Harley Dow
- Dow, c. 1949

No. 40
- Positions: Guard, tackle

Personal information
- Born: October 19, 1925 Mt. Hope, Kansas, U.S.
- Died: March 25, 2014 (aged 88) Poway, California, U.S.
- Listed height: 6 ft 2 in (1.88 m)
- Listed weight: 220 lb (100 kg)

Career information
- High school: Verdugo Hills (CA)
- College: San Jose State
- NFL draft: 1950: 11th round, 141st overall pick

Career history
- San Francisco 49ers (1950);

Career NFL statistics
- Games played: 12
- Games started: 6
- Fumble recoveries: 1
- Stats at Pro Football Reference

= Harley Dow =

American football player (1925–2014)

Harley Duane "Moose" Dow (October 19, 1925 – March 25, 2014) was an American football and coach. He played at the guard and tackle positions for the San Jose State Spartans (1947–1949) and San Francisco 49ers (1950).

==Early life==
A native of Mt. Hope, Kansas, he attended Verdugo Hills High School in Tujunga, Los Angeles, California. He played tennis, baseball, and basketball at Verdugo Hills. He did not play football, concentrating on basketball. In July, 1943, at age 17, Dow enlisted in the United States Marine Corps.

==San Jose State==
Dow played college football for the San Jose State Spartans from 1947 to 1949. He was co-captain of the 1949 San Jose State Spartans football team that won the conference championship and defeated Texas Tech in the Raisin Bowl. At the end of the 1949 season, he was named to the United Press Little All-Coast football team.
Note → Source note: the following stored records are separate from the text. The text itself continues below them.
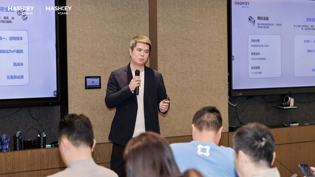 HashKey CaaS 高级业务发展经理余意系统地展示了HashKey CaaS的一体化机构服务体系,如何从底层基础设施到上层收益管理的完整布局和专业能力。
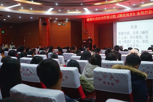 11月26日晚7:00,永利yl23411集团官网图书馆在逸夫图书馆报告厅举行2019年第十期蝶湖沙龙——《聊斋志异》系列活动之“聊斋不了情”。原九江市文化局副局长、九江市影视艺术中心主任、江西省文联副主席、国家一级编剧、中国作家协会会员、中国电影家协会会员王一民老先生应邀作为主讲嘉宾。永利yl23411集团官网首届师德师风标兵,九江市作家协会会员,九江市语言艺术协会会员,旅游与地理学院教师吴若飞作为分享嘉宾,与王老先生共同合作,奉献了一场影视与文学对话的文化盛宴。图书馆馆长计斌主持活动。来自永利yl23411集团官网各二级学院的340余名师生以及来自浔阳晚报等机构的文化界来宾到场聆听了讲座。
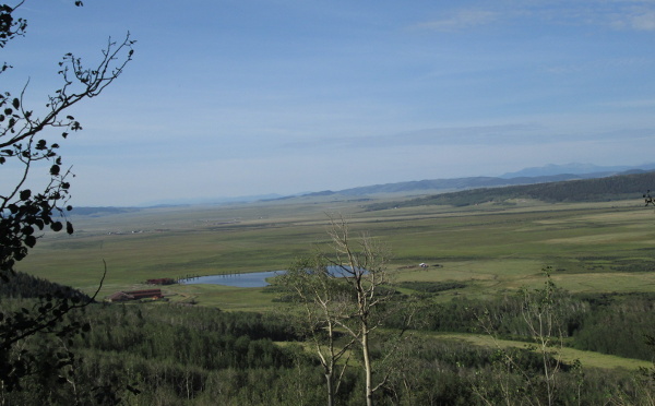 The road will stay a two track as it heads northwest along the side of the ridge. At the first curve in to cross a side gulch you will come to an intersection. The road coming in on the right is the T-Pit, FR811, road, stay left here. There will be a few openings in the trees where you will get views of South Park.
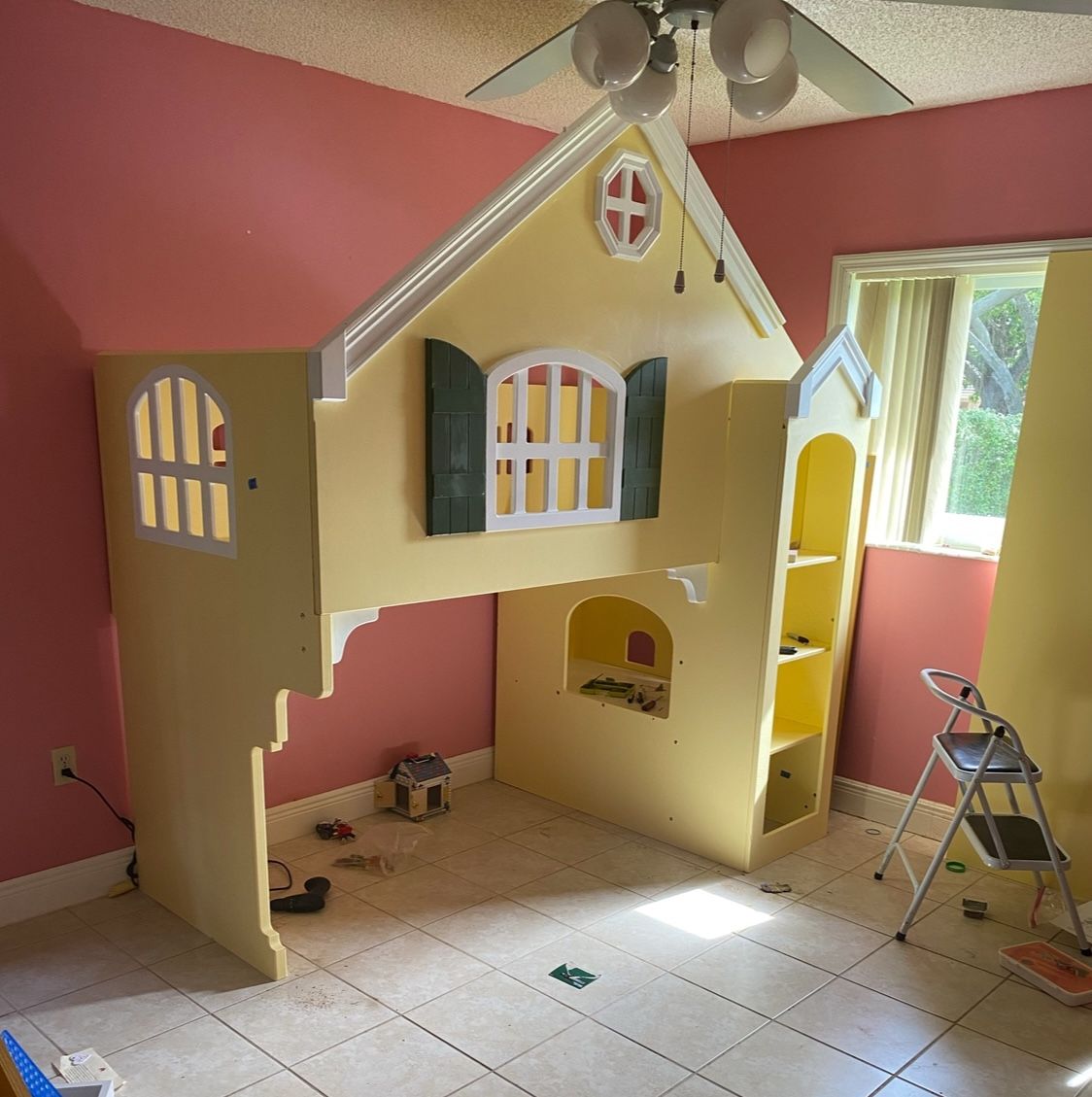 This is a Tradewinds dollhouse bunk bed set. Retails for over $3000. I took off the roof panels on top at my daughter bumped her head on it too many times. Very sturdy and made out of solid wood (not Ikea style particle board) The flowers and butterflies are just removable vinyl stickers (I can remove them if you want). Priced to sell as my tween has outgrown this and it needs a new home
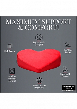 A little lift goes a long way with this heart shaped pillow! Made of high-density foam and covered in a velvety soft outer layer and a water-resistant inner layer, it's firm enough to lift you up and has enough softness to keep it sexy. Use it under your shoulders, chest, head, hips or knees to change the way you play! Both inner and outer pillow covers are machine washable, too! The soft outer layer keeps it sexy and sensual as your skin brushes against the fabric while the water-resistant, inner layer keeps your foam pillow moisture free!
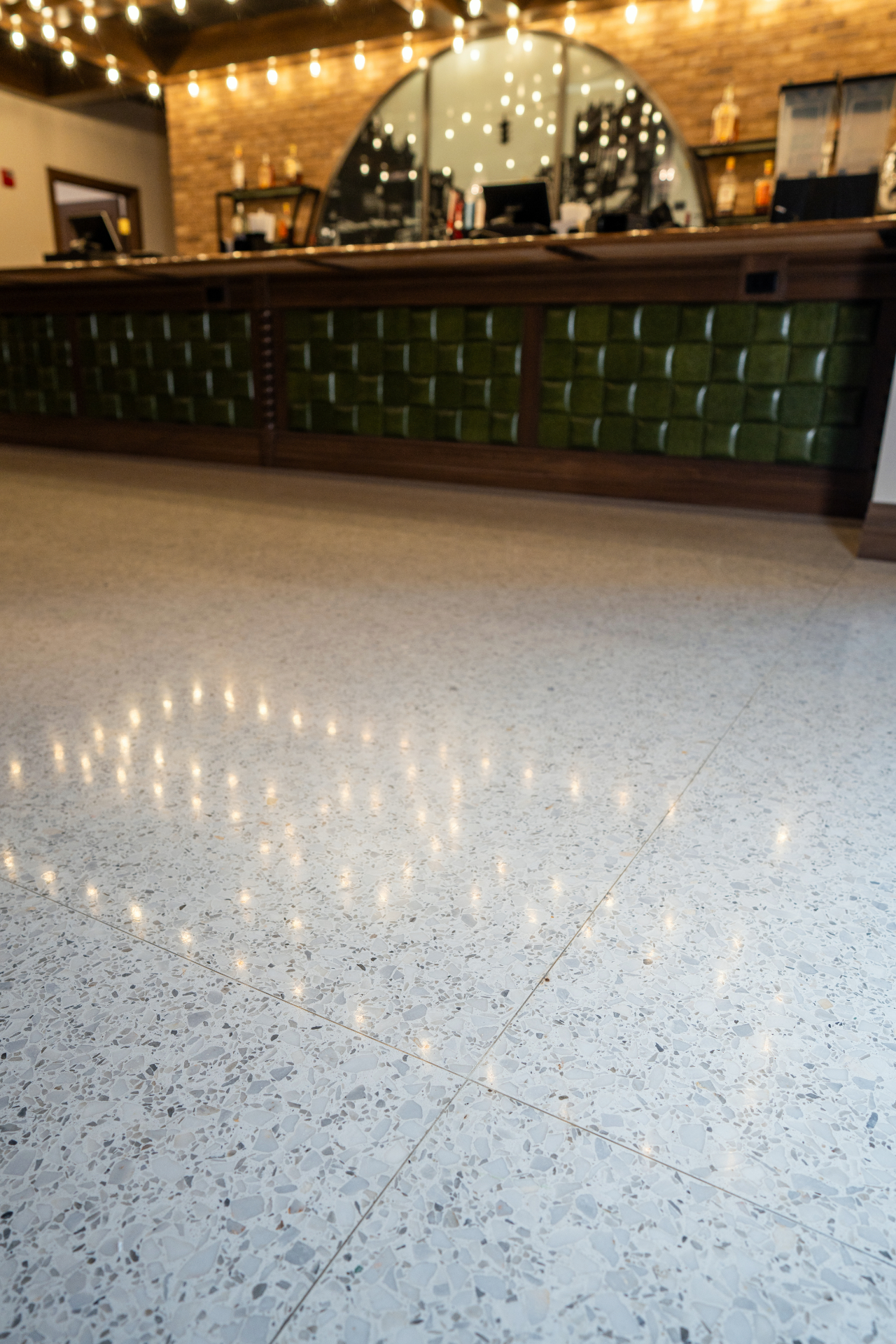 Grab your cowboy hat and polish up those boots, Doc’s Dance Hall and Event Center is ready to teach you how to line dance. DANCER installed terrazzo in the dining area surrounding the dance floor. Doc’s custom terrazzo blend uses five sizes of white marble stones set in a white epoxy matrix with zinc divider strips.
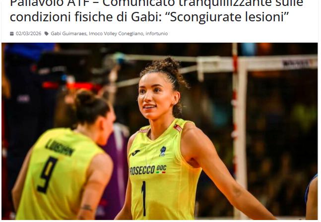 朱婷之科内利亚诺 – 关于加比身体状况的安慰性公告:"排除了受伤风险" 科内利亚诺俱乐部发布了一则关于加比身体状况的安慰性公告: "在昨天于韦尔德球馆与布斯托的季后赛比赛中意外被撞击到左侧腰部后,巴西接应球员加比当晚立即在特雷维索的 Ca’ Foncello 医院接受了救治,并进行了影像学检查,排除了骨折或内部损伤。 检查结果令人放心,因此从今天起,球员将开始接受俱乐部理疗师的治疗,医疗团队将每日监控她的状况"。 在稍早前的报道中,正如主教练丹尼尔·桑塔雷利在赛后采访中所说,在昨天科内利亚诺对阵布斯托的比赛中,巴西人主攻加比在比赛中与朱婷发生碰撞后离场。球员明显感到疼痛,在替补席上由俱乐部医务人员护理,她左侧腰部敷着冰袋。一些新闻来源称她去急诊进行了检查。 人们期待了解她的真实状况,以备战将于周三晚 20:30 对阵布斯托的第二场比赛。 来源:电子排球杂志
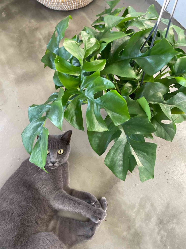 🌿と🪴をメインに🐈⬛🎞️📚🍺 チラチラ登場するグレイの猫は洋猫風ですがワイルドな環境から保護された元野良猫🐈⬛ 葉っぱ齧っちゃうこの子のお陰でハンギングは得意
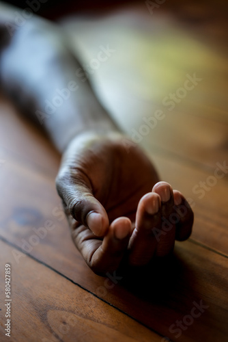 Male hand black on the ground floor intimate sensual touch skin fingers
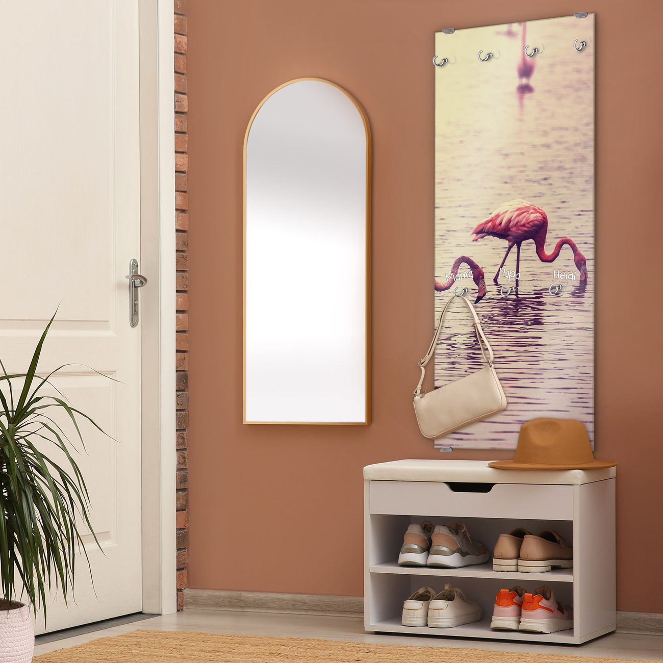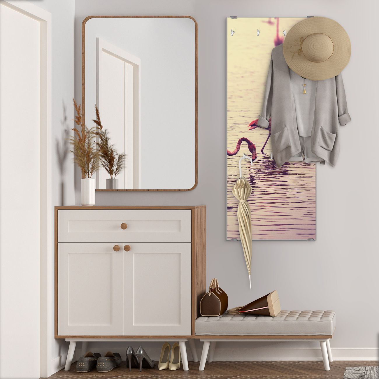 Flurgarderobe Glas 50x125cm Motiv Drei Flamnigos
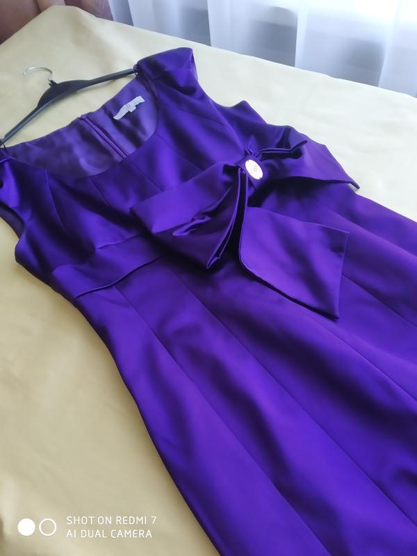 Платье темно-фиолетового цвета, атласное, на спине замочек. Замеры ПОГ 42 см ПОТ 36 см По бедер 46 см по низу платья 45,5 см от плеча до талии 34 см от талии до низа 67 см общая длина 101,5 см
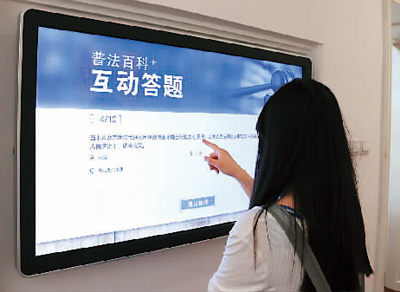 “當(dāng)事人及其訴訟代理人因客觀原因不能自行收集的證據(jù),或者人民法院認(rèn)為審理案件需要的證據(jù),人民法院( )調(diào)查收集?!崩ㄌ?hào)里選項(xiàng)有“可以”“應(yīng)當(dāng)”“應(yīng)當(dāng)委托律師”。在人機(jī)知識(shí)問答平臺(tái)區(qū)域,筆者看到,林女士正認(rèn)真地答著題,一番思考后,她在答題屏幕上按下了“應(yīng)當(dāng)”這個(gè)選項(xiàng)。隨即屏幕上便彈出:“恭喜您答對(duì)8道題,獲得普法達(dá)人稱號(hào)?!薄耙还?0題,對(duì)了8道,我還是很開心的?!绷峙颗d奮地說,“我覺得這個(gè)互動(dòng)答題的板塊特別好,這種知識(shí)問答的形式能讓人們?cè)谟螒蛑袑W(xué)習(xí)法律知識(shí)?!?/p>
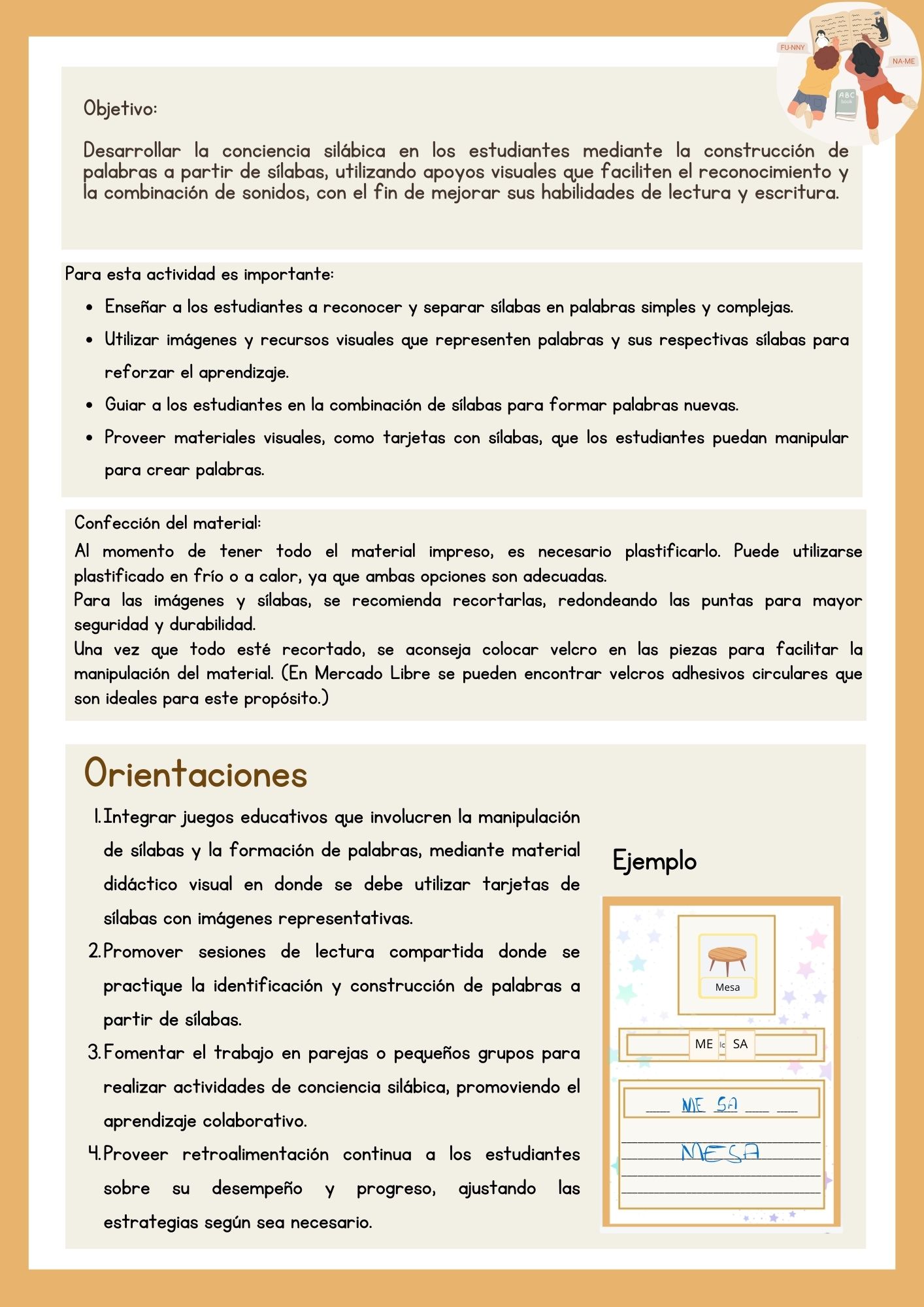 - Desarrollo de la Conciencia Silábica: Ayuda a los estudiantes a entender y manipular las sílabas en las palabras.

In 1954, Dow was one of 33 football players included in the inaugural class of the San Jose State Spartans Hall of Fame.

==San Francisco 49ers==
Dow was selected by the San Francisco 49ers in the 11th round (141st overall pick) in the 1950 NFL draft. He played for the 49ers during the 1950 season. He appeared in 12 NFL games, six of them as a starter. He was the only rookie named to the 49ers' starting lineup in 1950.

==Coaching career==
Dow received a bachelor's degree from San Jose State i in 1950 and later received a master's degree from Stanford. later coached football at San Jose Junior College )*SJJC). He was the line coach under Fred Silva from 1956 to 1959 and became head football coach in 1961. He also served as SJCC's head baseball coach starting in 1956 and head track coach in 1956. He also served for many years as golf coach at San Jose City College.

==Later life==
Dow died in 2014 at age 88 in Poway, California.